- Directed by: Vitaly Melnikov
- Story by: Vitaliy Melnikov
- Based on: play of Dmitry Merezhkovsky
- Starring: Viktor Sukhorukov Oleg Yankovsky Oksana Mysina
- Cinematography: Sergey Astakhov
- Music by: Andrey Petrov
- Production company: Lenfilm
- Release date: June 22, 2003;
- Running time: 103 minutes
- Language: Russian

= Poor Poor Paul =

Poor Poor Paul (Бедный, бедный Павел) is a 2003 Russian historical drama film. It is a biopic of Czar Paul I of Russia and the final film of the historical trilogy of Vitaly Melnikov "The Empire.

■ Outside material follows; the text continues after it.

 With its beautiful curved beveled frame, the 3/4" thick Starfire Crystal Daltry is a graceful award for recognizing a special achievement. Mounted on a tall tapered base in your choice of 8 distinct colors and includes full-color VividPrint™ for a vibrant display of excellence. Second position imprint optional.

The Beginning".

==Plot==
...The cold November 1796. Empress Catherine the Great who undividedly ruled Russia for 34 years has died. The throne goes back to her son Paul I - a nervous and impetuous middle aged man, who is a captive of his own illusions. Deciding to change almost everything what he inherited from his unloved mother, Paul attracts supporters, one of whom is Count Peter Pahlen. He is an intelligent and calculating courtier who thanks to the boundless trust of the emperor gathers immense power in his hands. Pahlen initially supports Paul's reforms but then the situation changes...

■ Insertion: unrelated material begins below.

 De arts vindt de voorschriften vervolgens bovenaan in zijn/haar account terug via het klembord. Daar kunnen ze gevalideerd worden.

The highest nobility in Russia, fueled by the money of England is extremely unhappy with the innovations of Paul I. One after another plots against him are conspired. Distraught by the suspicion directed towards him and fearing for his life, Paul punishes the innocent and the guilty, but this can not save the unfortunate emperor. The main conspiracy against Paul involves his own sons, Alexander and Constantine, and its general command is carried out by Count Pahlen! Paul eventually falls in total despair after he learns of such a comprehensive betrayal, he ceases to resist and the doomed man awaits the conspirators-murderers in his bedroom at the Mikhailovsky Castle ...

==Cast==
- Viktor Sukhorukov – Emperor Paul I of Russia
- Oleg Yankovskiy – Count Pahlen
- Oksana Mysina – Maria Feodorovna, Paul's wife
- Yuliya Mavrina – Anna Lopukhina
- Aleksey Barabash – Alexander, Paul's oldest son
- Anna Molchanova – Elizabeth Alexeievna, Alexander's wife
- Yevgeni Karpov – Konstantin, Paul's son
- Igor Shibanov – Ivan Kutaisov, Paul's valet
- Vadim Lobanov – Alexander Bezborodko
- Sergey Barkovsky – John Rogerson, personal doctor of Catherine the Great
- Boris Khvoshnyansky – José de Ribas
- Andrey Chumanov – Platon Zubov
- Ivan Parshin – Valerian Zubov
- Sergey Murzin – Nikolay Zubov
- Vera Karpova – Baroness Livsi
- Aleksandr Grigoryants – Vincenzo Brenna
- Dmitriy Sutyrin – Duke Yashvil

==Awards==
- 2003 - Kinotavr - M. Tariveridiev prize for Best Music (Andrei Petrov).
- 2003 - The Golden Aries Award - Best Male Actor (Viktor Sukhorukov).
- 2003 - Golden Eagle Award - Best Costume Design (Larisa Konnikova), Best Music (Andrei Petrov), Best Supporting Actor (Oleg Yankovsky).
- 2003 - Nika Award - Best Male Actor (Viktor Sukhorukov).